#### [EXERCISE DIRECTIONS]
Would you write out the full listing exactly, without any pictures?

Top of GIVEN DATA

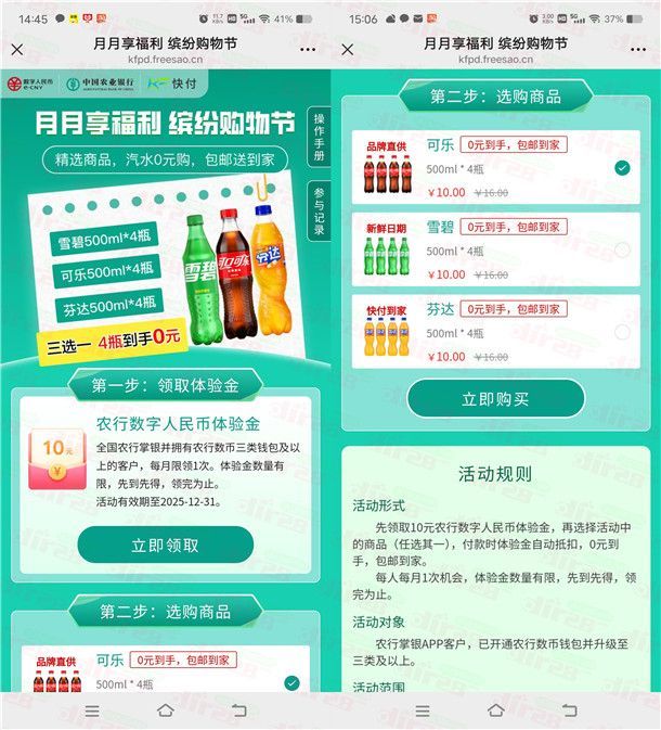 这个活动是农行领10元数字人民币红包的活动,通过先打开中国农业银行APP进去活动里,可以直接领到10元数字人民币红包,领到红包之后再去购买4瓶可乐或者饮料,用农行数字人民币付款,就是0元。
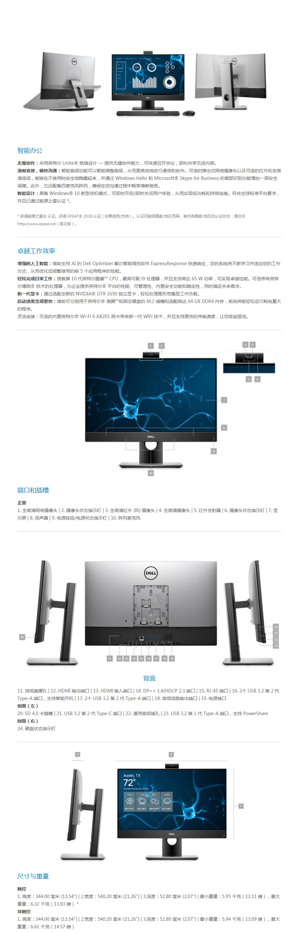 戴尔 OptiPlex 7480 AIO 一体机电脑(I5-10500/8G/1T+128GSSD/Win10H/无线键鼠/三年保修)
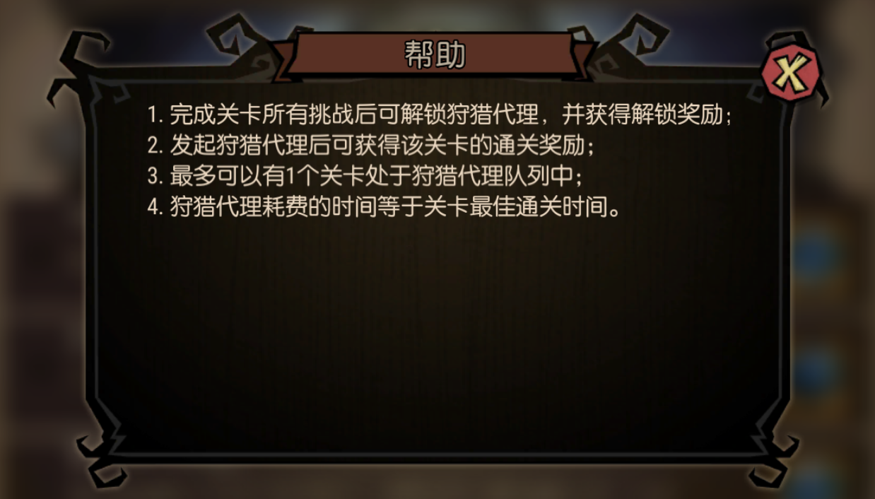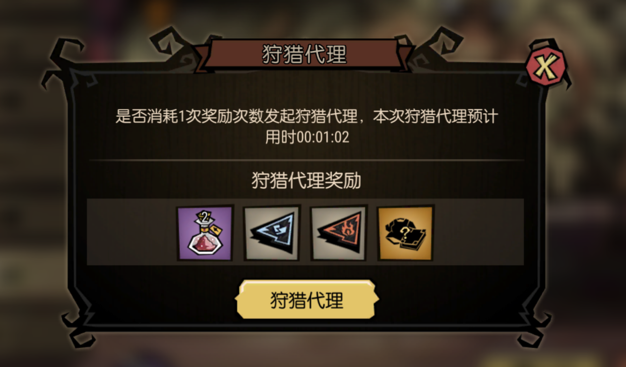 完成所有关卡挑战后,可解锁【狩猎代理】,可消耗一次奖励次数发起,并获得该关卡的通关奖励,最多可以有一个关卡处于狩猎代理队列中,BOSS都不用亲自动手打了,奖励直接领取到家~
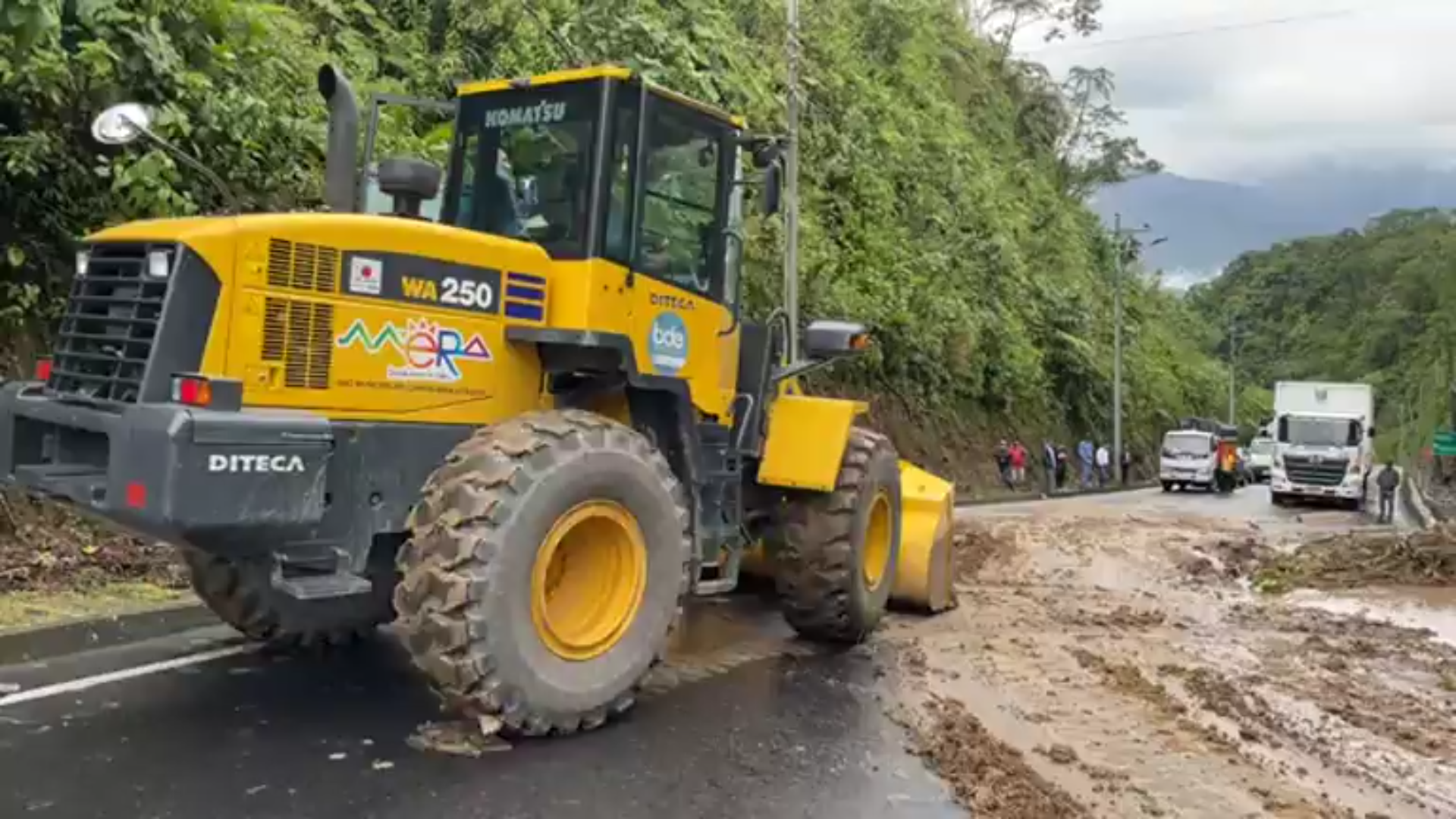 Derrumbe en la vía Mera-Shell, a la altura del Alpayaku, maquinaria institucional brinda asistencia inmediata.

Bottom of GIVEN DATA

#### [OUTPUT FOR THIS TASK]
 这个活动是农行领10元数字人民币红包的活动,通过先打开中国农业银行APP进去活动里,可以直接领到10元数字人民币红包,领到红包之后再去购买4瓶可乐或者饮料,用农行数字人民币付款,就是0元。
 戴尔 OptiPlex 7480 AIO 一体机电脑(I5-10500/8G/1T+128GSSD/Win10H/无线键鼠/三年保修)
 完成所有关卡挑战后,可解锁【狩猎代理】,可消耗一次奖励次数发起,并获得该关卡的通关奖励,最多可以有一个关卡处于狩猎代理队列中,BOSS都不用亲自动手打了,奖励直接领取到家~
 Derrumbe en la vía Mera-Shell, a la altura del Alpayaku, maquinaria institucional brinda asistencia inmediata.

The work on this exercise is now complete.